__ACTIVITY__.
Copy every record below exactly as written, but leave out the pictures.

__DATA FOR THIS EXERCISE__.
· · · · · · ·
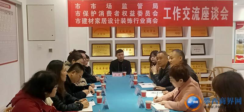 攀西商界網(wǎng)報(bào)道(攀枝花市建材家居設(shè)計(jì)裝飾行業(yè)商會(huì) 供稿)為充分發(fā)揮商會(huì)的橋梁紐帶作用,進(jìn)一步加強(qiáng)權(quán)益保護(hù)工作,促進(jìn)我市建材行業(yè)健康有序發(fā)展。近日,攀枝花市保護(hù)消費(fèi)者權(quán)益委員會(huì)副主任張?jiān)缆适惺袌?chǎng)監(jiān)管局、市保護(hù)消費(fèi)者權(quán)益委員會(huì)、仁和區(qū)市場(chǎng)監(jiān)管局相關(guān)負(fù)責(zé)人一行來(lái)到攀枝花市建材家居設(shè)計(jì)裝飾行業(yè)商會(huì)就維權(quán)工作進(jìn)了實(shí)地調(diào)研,并召開(kāi)工作交流座談會(huì),對(duì)行業(yè)維權(quán)工作進(jìn)行交流座談。
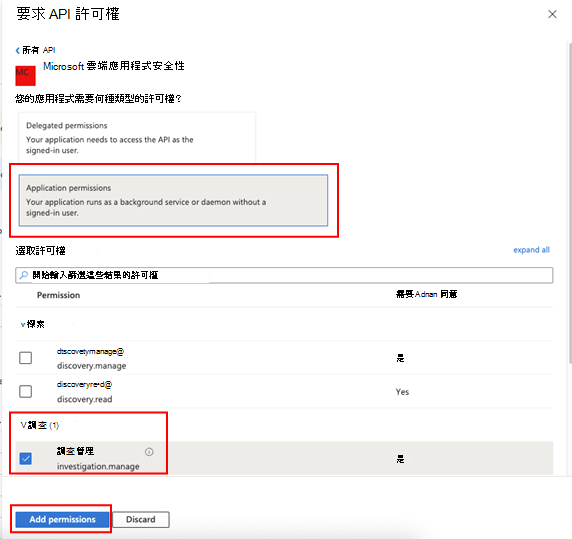 您必須選取相關的許可權。 Investigation.Read 只是一個範例。 如需其他許可權範圍,請參閱 支援的許可權範圍
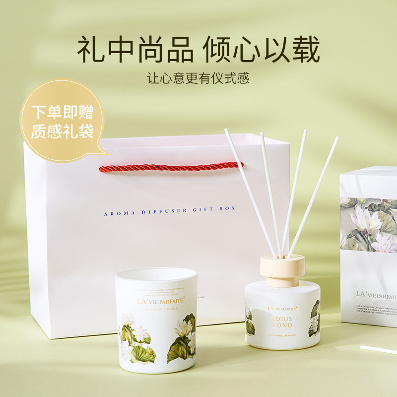 荷花批发蜡烛无火香薰精油套装 香薰藤条生日礼物送人礼品OE M
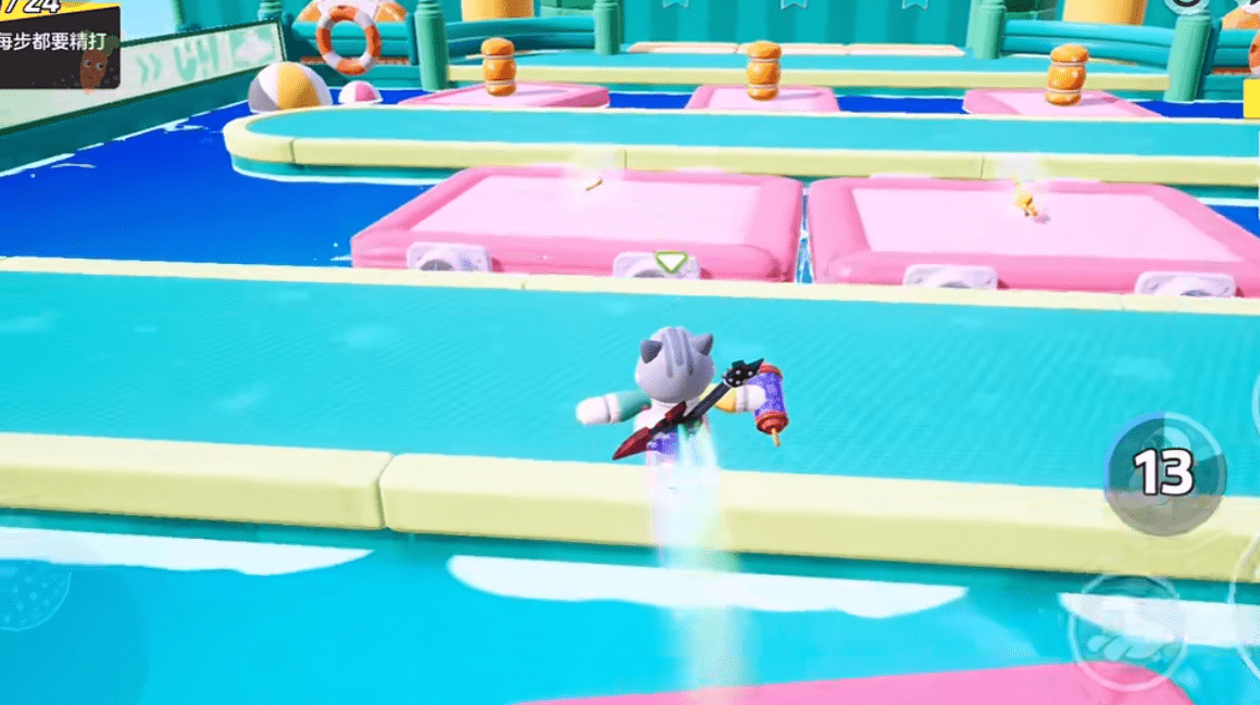 梦幻岛的地图设计同样遵循了派对游戏的特点。比如,地图中的水上乐园区域融合了经典模式中的一些设定,如大炮、水上滑梯和喷泉等。这些元素为游戏增加了更多的随机性和不可预料性。
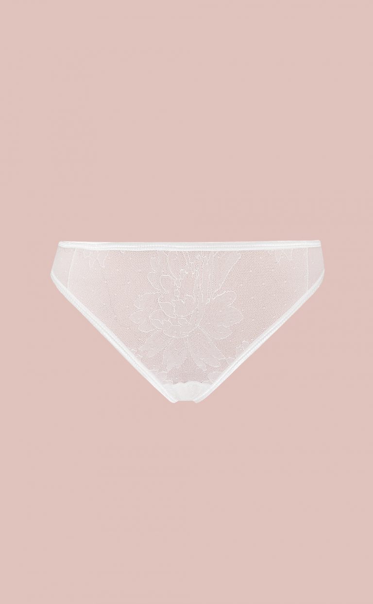 Zarter Slip mit einer feinen Blütenspitze und einem semitransparenten Pünktchentüll.
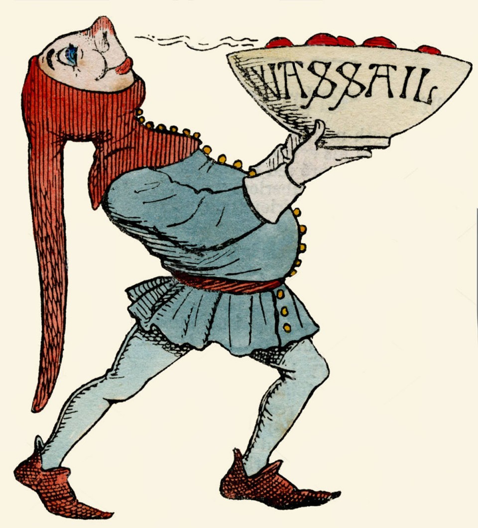 The tradition of singing Christmas carols on the eve of Christmas can be traced to the English tradition called wassailing. From Old English (be hale) wassail was a medieval hot drink (usually cider made from crab-apples, mixed with mead and cinnamon, ginger, and nutmeg). Beginning in the Middle Ages people (often the poor peasantry) went from door to door during Yuletide, drinking from a wassail bowl and singing songs. The word wassailing today has been displaced by caroling. People went wassailing to homes in exchange for gifts and others went to the orchards where cider was produced where they sang away the evil spirits and beseeched the trees to provide an ample harvest in the coming year. This custom was performed primarily in the cider-producing west of England (primarily the counties of Devon, Somerset, Dorset, Gloucestershire, and Herefordshire). Wassailing was a crucial part of Jersey, Channel Islands’ local winter solstice traditions, because before the twentieth century most of the local economy came from the sale of cider. Here is an old rhyme that was sung in the orchards on Jersey in Jerriais, the form of the Norman language spoken off the west coast of France.
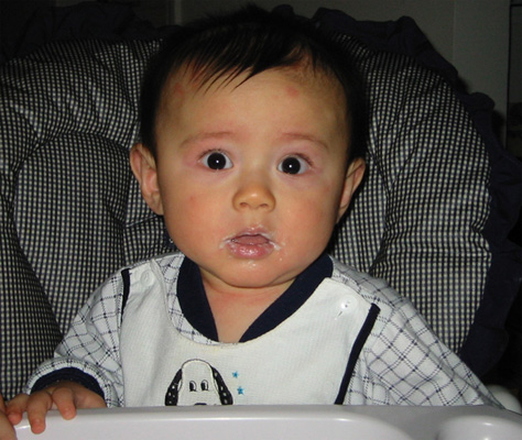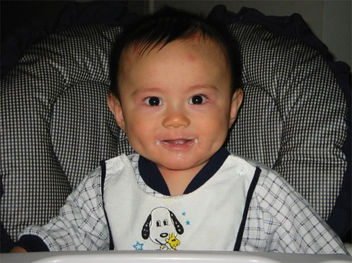 3/23/03 - 雖然Luka已經八個月大,餵他吃飯仍然是一件艱鉅的工作,而且更困難,因為他力氣愈來愈大,會翻身,知道用舌頭把奶嘴頂出來,知道把嘴巴閉緊!只能很阿Q地安慰自己,起碼Luka不是笨寶寶啦!
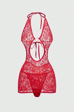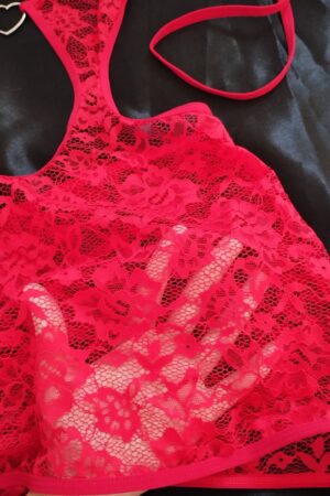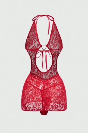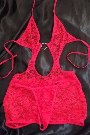 Este babydoll combina la sencillez con la sensualidad, de blonda elastica, anudable en el cuello y espalda con detalle de corazon metalico en el pecho. ♡ Incluye hilo a juego.
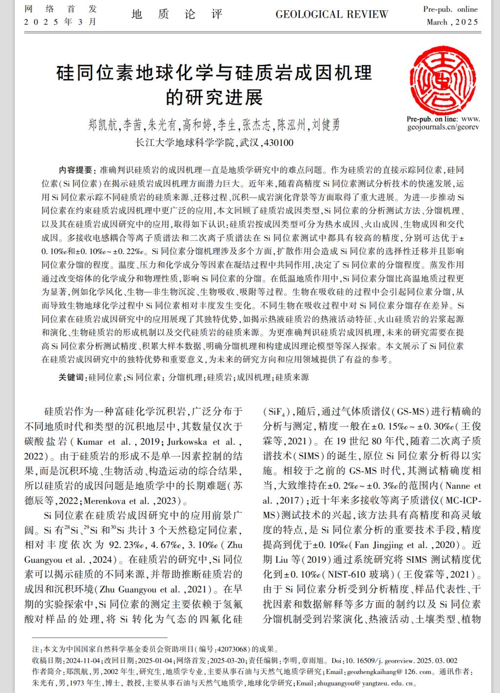 近日,伟德国际1949官网地质学专业2024级硕士生郑凯航在中文核心期刊《地质论评》发表题为“硅同位素地球化学与硅质岩成因机理的研究进展”的研究论文。伟德国际1949官网为论文第一署名单位,硕士生郑凯航为论文第一作者,其导师朱光有教授为通讯作者。
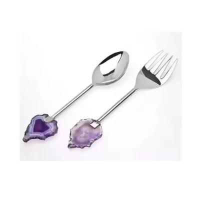 เซิร์ฟสลัดราคาแพงพร้อมด้ามอาเกตสีม่วงช้อนเสิร์ฟส้อมชุดสลัดสแตนเลสสำหรับห้องครัว
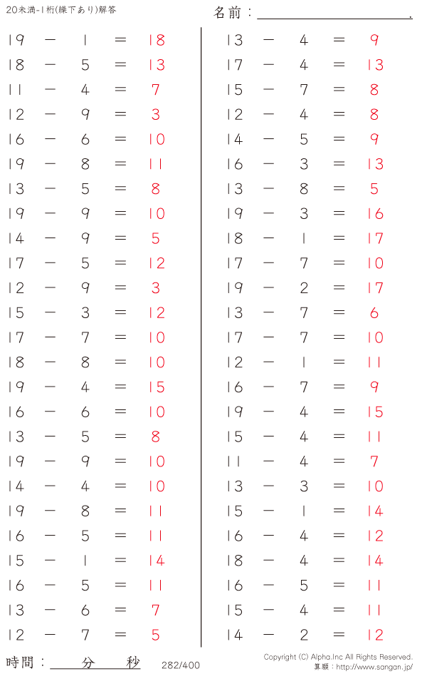 上記のボタンから「20未満の2桁-1桁」の算数数学ドリル・計算ドリル(PDFプリント)がダウンロードできます。個人利用は無料です(家庭以外での配布は有料です)。
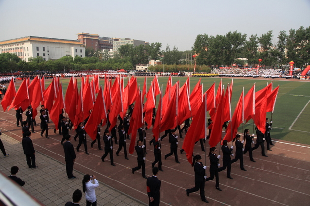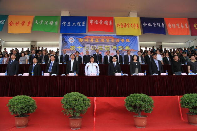 阳光明媚,彩旗飘飘,声乐阵阵,人潮涌动。5月8日上午,我院第17届田径运动会开幕式在体育场盛大举行。董事长王淑芳女士,院长崔慕岳教授,院党委常务副书记戎庭银,副院长张洁、张金安,执行董事王新奇,副院长段丰乐,特邀嘉宾河南省国际标准交谊舞协会会长范新华先生,副会长、郑州市金水区宣传部部长尤谊先生,郑州商业技术学院国际系主任范文博先生与各部门主管、各党总支书记及近万名师生参加开幕式。开幕式由院办主任朱永恒主持。
· · · · · · ·
__THE ANSWER__.
 攀西商界網(wǎng)報(bào)道(攀枝花市建材家居設(shè)計(jì)裝飾行業(yè)商會(huì) 供稿)為充分發(fā)揮商會(huì)的橋梁紐帶作用,進(jìn)一步加強(qiáng)權(quán)益保護(hù)工作,促進(jìn)我市建材行業(yè)健康有序發(fā)展。近日,攀枝花市保護(hù)消費(fèi)者權(quán)益委員會(huì)副主任張?jiān)缆适惺袌?chǎng)監(jiān)管局、市保護(hù)消費(fèi)者權(quán)益委員會(huì)、仁和區(qū)市場(chǎng)監(jiān)管局相關(guān)負(fù)責(zé)人一行來(lái)到攀枝花市建材家居設(shè)計(jì)裝飾行業(yè)商會(huì)就維權(quán)工作進(jìn)了實(shí)地調(diào)研,并召開(kāi)工作交流座談會(huì),對(duì)行業(yè)維權(quán)工作進(jìn)行交流座談。
 您必須選取相關的許可權。 Investigation.Read 只是一個範例。 如需其他許可權範圍,請參閱 支援的許可權範圍
 荷花批发蜡烛无火香薰精油套装 香薰藤条生日礼物送人礼品OE M
 梦幻岛的地图设计同样遵循了派对游戏的特点。比如,地图中的水上乐园区域融合了经典模式中的一些设定,如大炮、水上滑梯和喷泉等。这些元素为游戏增加了更多的随机性和不可预料性。
 Zarter Slip mit einer feinen Blütenspitze und einem semitransparenten Pünktchentüll.
 The tradition of singing Christmas carols on the eve of Christmas can be traced to the English tradition called wassailing. From Old English (be hale) wassail was a medieval hot drink (usually cider made from crab-apples, mixed with mead and cinnamon, ginger, and nutmeg). Beginning in the Middle Ages people (often the poor peasantry) went from door to door during Yuletide, drinking from a wassail bowl and singing songs. The word wassailing today has been displaced by caroling. People went wassailing to homes in exchange for gifts and others went to the orchards where cider was produced where they sang away the evil spirits and beseeched the trees to provide an ample harvest in the coming year. This custom was performed primarily in the cider-producing west of England (primarily the counties of Devon, Somerset, Dorset, Gloucestershire, and Herefordshire). Wassailing was a crucial part of Jersey, Channel Islands’ local winter solstice traditions, because before the twentieth century most of the local economy came from the sale of cider. Here is an old rhyme that was sung in the orchards on Jersey in Jerriais, the form of the Norman language spoken off the west coast of France.
 3/23/03 - 雖然Luka已經八個月大,餵他吃飯仍然是一件艱鉅的工作,而且更困難,因為他力氣愈來愈大,會翻身,知道用舌頭把奶嘴頂出來,知道把嘴巴閉緊!只能很阿Q地安慰自己,起碼Luka不是笨寶寶啦!
 Este babydoll combina la sencillez con la sensualidad, de blonda elastica, anudable en el cuello y espalda con detalle de corazon metalico en el pecho. ♡ Incluye hilo a juego.
 近日,伟德国际1949官网地质学专业2024级硕士生郑凯航在中文核心期刊《地质论评》发表题为“硅同位素地球化学与硅质岩成因机理的研究进展”的研究论文。伟德国际1949官网为论文第一署名单位,硕士生郑凯航为论文第一作者,其导师朱光有教授为通讯作者。
 เซิร์ฟสลัดราคาแพงพร้อมด้ามอาเกตสีม่วงช้อนเสิร์ฟส้อมชุดสลัดสแตนเลสสำหรับห้องครัว
 上記のボタンから「20未満の2桁-1桁」の算数数学ドリル・計算ドリル(PDFプリント)がダウンロードできます。個人利用は無料です(家庭以外での配布は有料です)。
 阳光明媚,彩旗飘飘,声乐阵阵,人潮涌动。5月8日上午,我院第17届田径运动会开幕式在体育场盛大举行。董事长王淑芳女士,院长崔慕岳教授,院党委常务副书记戎庭银,副院长张洁、张金安,执行董事王新奇,副院长段丰乐,特邀嘉宾河南省国际标准交谊舞协会会长范新华先生,副会长、郑州市金水区宣传部部长尤谊先生,郑州商业技术学院国际系主任范文博先生与各部门主管、各党总支书记及近万名师生参加开幕式。开幕式由院办主任朱永恒主持。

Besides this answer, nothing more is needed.